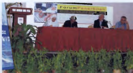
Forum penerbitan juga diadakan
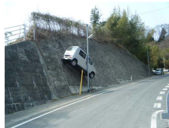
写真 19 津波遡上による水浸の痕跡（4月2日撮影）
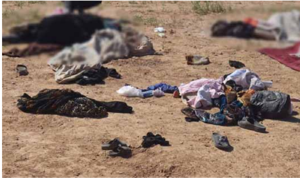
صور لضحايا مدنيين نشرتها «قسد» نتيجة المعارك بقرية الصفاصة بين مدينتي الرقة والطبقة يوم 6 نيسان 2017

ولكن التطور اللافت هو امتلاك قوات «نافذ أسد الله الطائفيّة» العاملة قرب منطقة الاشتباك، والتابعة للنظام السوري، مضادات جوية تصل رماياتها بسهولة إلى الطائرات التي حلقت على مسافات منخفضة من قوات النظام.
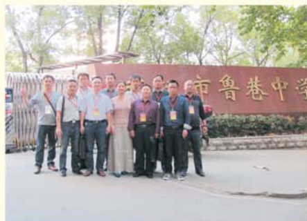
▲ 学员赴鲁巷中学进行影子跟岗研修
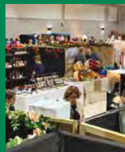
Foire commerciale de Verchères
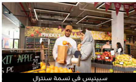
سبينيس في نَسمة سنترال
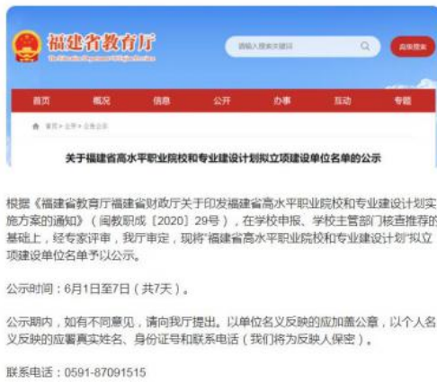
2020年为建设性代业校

● WHAT YOU SHOULD DO: Set down each entry above word for word, without its pictures.

● RESULT:
Forum penerbitan juga diadakan
写真 19 津波遡上による水浸の痕跡（4月2日撮影）
صور لضحايا مدنيين نشرتها «قسد» نتيجة المعارك بقرية الصفاصة بين مدينتي الرقة والطبقة يوم 6 نيسان 2017

ولكن التطور اللافت هو امتلاك قوات «نافذ أسد الله الطائفيّة» العاملة قرب منطقة الاشتباك، والتابعة للنظام السوري، مضادات جوية تصل رماياتها بسهولة إلى الطائرات التي حلقت على مسافات منخفضة من قوات النظام.
▲ 学员赴鲁巷中学进行影子跟岗研修
Foire commerciale de Verchères
سبينيس في نَسمة سنترال
2020年为建设性代业校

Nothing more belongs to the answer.